A little more background: This machine was designed before there was such a thing as plated through holes on printed circuit boards. The two boards in each module were double sided. What they did when they needed to get to the other side of a PCB, was they would put a tiny brass rivet in the via hole, and solder both sides.
What I eventually found was that the signal from P23 of the module in 3L34, wasn’t making it to pin 15! There was a via rivet that wasn’t making its connection to the other side of the board. I re-soldered all the vias on that module, and now we were only requesting memory when someone wanted it!
Now that we can request memory and have a reasonable chance of it responding correctly, it is on to testing memory. I loaded up my CP based test, and it ran… for a while. Then it quit, with a very strange error. The test uses a single bit, and its complement to check the existence of every location of memory. It will read a location, and compare it with what should be there, and put the difference in a second register. Normally I would expect a single bit error, or maybe 12 bits if a module failed that way. The result looked like 59 bad bits, or the error being exactly the same as what it read. Usually this is because the CPU that is running the test is miss-executing the compare instruction.

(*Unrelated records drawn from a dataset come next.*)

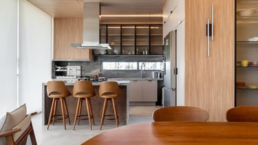 Este ambiente integra cozinha e área social de forma fluida e sofisticada, valorizando a convivência e a funcionalidade no dia a dia. A marcenaria em madeira natural percorre teto e planos verticais, criando unidade visual e reforçando a sensação de acolhimento, enquanto o layout aberto favorece a circulação e o uso contínuo dos espaços.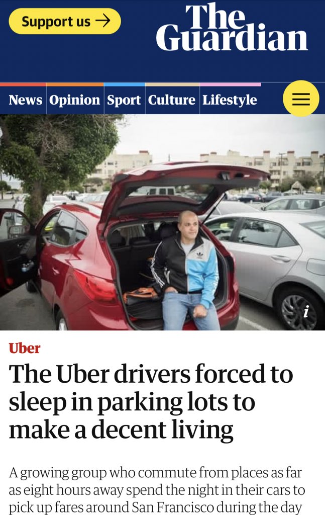 Mentre molti gli autisti di Uber devono dormire nelle aree di parcheggio, perché abitano in sobborghi lontani ore di auto, e se tornassero a casa perderebbero i clienti in città. Evidentemente per molti, fare l’autista di Uber non è un lavoretto occasionale part-time, ma l’unico disponibile.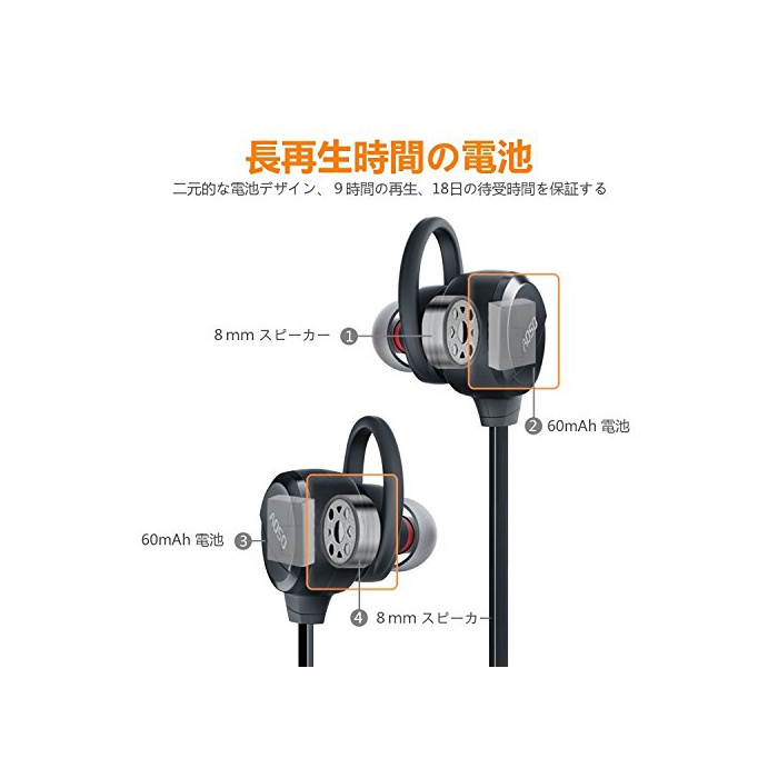 【우수한 전지 용량】120mAh초 대용량의 중합체 전지에서,또한 Bluetooth 4.1이 붙고 있고, 대기시에는 압도적인 저 소비전력에,450시간의 스텐바이 상태를 실현.1회 불과 2시간의 충전으로,연속 9시간의 음악 재생이 가능합니다.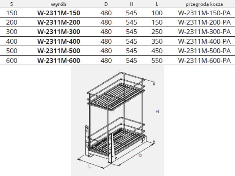 Kosz cargo Nomet W-2311M to idealne rozwiązanie do organizacji przestrzeni w kuchni. Dzięki dolnemu montażowi prowadnic zapewnia stabilność i wygodne użytkowanie. Dwie półki umożliwiają ergonomiczną segregację produktów, a wysokie przegrody zabezpieczają przed przewróceniem się zawartości.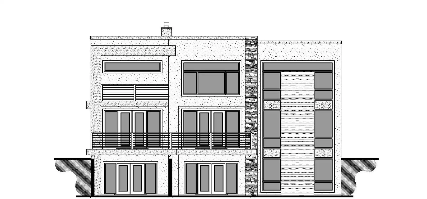 Looking for a lovely modern home for a downslope? If you need a spacious design, House Plan 10552 could be the perfect fit! This dramatic home has flat rooflines, tons of windows, and wood and stucco siding for a Southwestern twist. Inside, you'll find 3,597 square feet with three bedrooms and three-and-a-half baths across two stories. This design is also made for a walkout basement foundation--if you choose to finish it, it offers 1,371 more square feet with a wet bar, a wine room, rec space, and another bedroom and bath. Step inside the bright two-story foyer and you'll be invited back to the open-concept living areas, with an island kitchen open to the dining and great rooms. There's plenty of outdoor space in back to extend into the fresh air. Make sure to take notice of the thoughtful lineup of functional spaces between the three-car front-entry garage and the kitchen/dining. The mudroom connects to a laundry room, which connects to the walk-in pantry that opens to the kitchen on the other side. The mudroom also has a barn door to the foyer and a swinging door to the dining area, where there's a powder room, too. All the bedrooms are located upstairs with a larger laundry room for convenience. The primary suite has a huge bedroom, a luxurious five-piece bath, and a massive walk-in closet. There's also a two-sided fireplace between the bedroom and bathroom and a private back balcony! The other two bedrooms are private suites with their own three-piece baths, and they both have patio doors that open to the front balcony over the garage. What a lovely setup for a place with a view! A bonus room on the second floor rounds out this home and offers the flexibility to add an office, rec room, or whatever else you may need.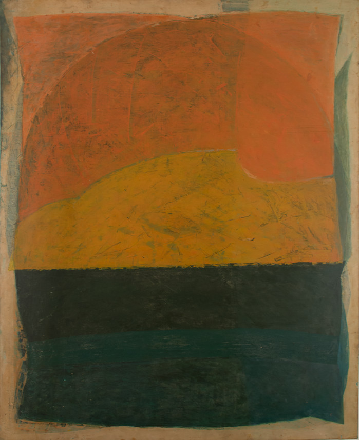Hans Tisdall (Monaco di Baviera 1910 – Londra 1997) Senza Titolo. Olio su tela, 126 x 101 cm. Nato in Germania, si trasferì a Parigi e poi, definitivamente, a Londra. Noto come disegnatore di stoffe e successivamente di copertine per libri vanta tre opere esposte in collezione permanente presso la Manchester Art Gallery.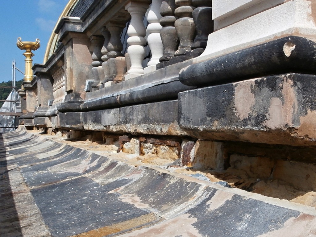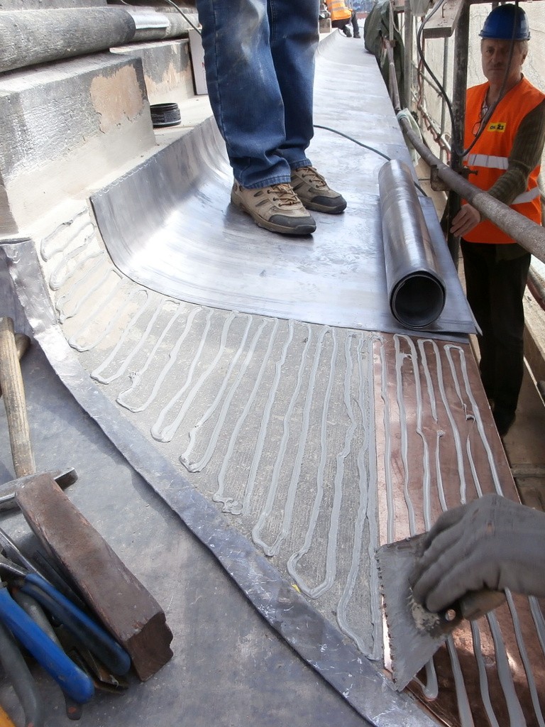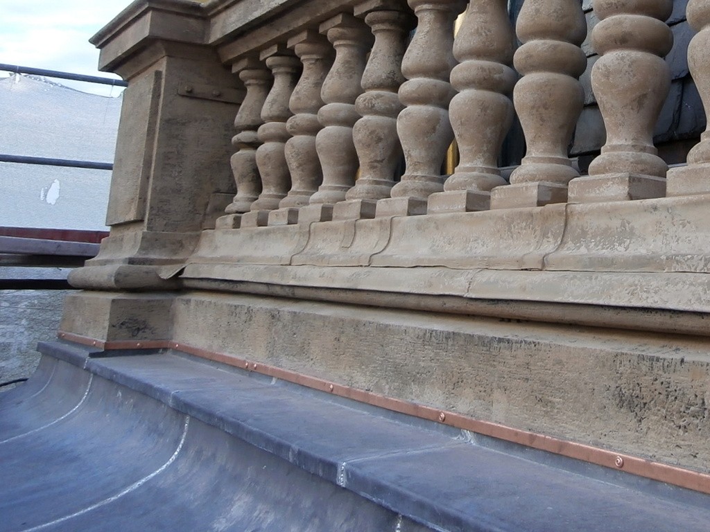 Celá sanovaná korunní římsa se zabalila do olověného oplechování (cca 3 mm), které se k podkladu lepilo. Tento postup byl zvolen pro spolehlivou ochranu římsy nepřístupné pro kontrolu a údržbu před pronikáním vody. Národní památkový ústav nadřadil požadavek na spolehlivou ochranu před vodou nad přísnou památkovou ochranu a povolil realizaci této nepůvodní technologie. Římsa sice není pohledová, ale i tak se provedla patinace její vrchní části. Současně se také provedlo nové oplechování zaatikového žlabu měděnou výstelkou, kde muselo dojít k napojení na ponechané olověné pásy pod kuželkami balustrád (foto 16, 17, 18, 19).

While I was thinking about that, I ran Exchange Jump Test to see what that said. A PP can cause a CP to swap all its registers, including the Program Counter with the contents of some memory that the PP points to. This is called an Exchange Jump. The whole process happens in about 2.6uS as it requests 16 banks of memory in a sequence. This works the memory pretty hard. Exchange Jump Test (EJT) would fail after a while, and as I looked at the results, I noticed that it was usually failing a certain bit in bank 7. I checked, and noticed it was an original memory module, so I looked at my bench and found I didn’t have any new ones assembled, so I had to put the sides on a couple of finished PCB assemblies, and test them. I then swapped out the old memory in bank 7 with a new semiconductor memory, and EJT passed!
I then checked to see if my CP based memory test worked, and it did too. We are back in Business after over 5 months. I am keeping my fingers crossed in the hope that the chiller stays alive for a while.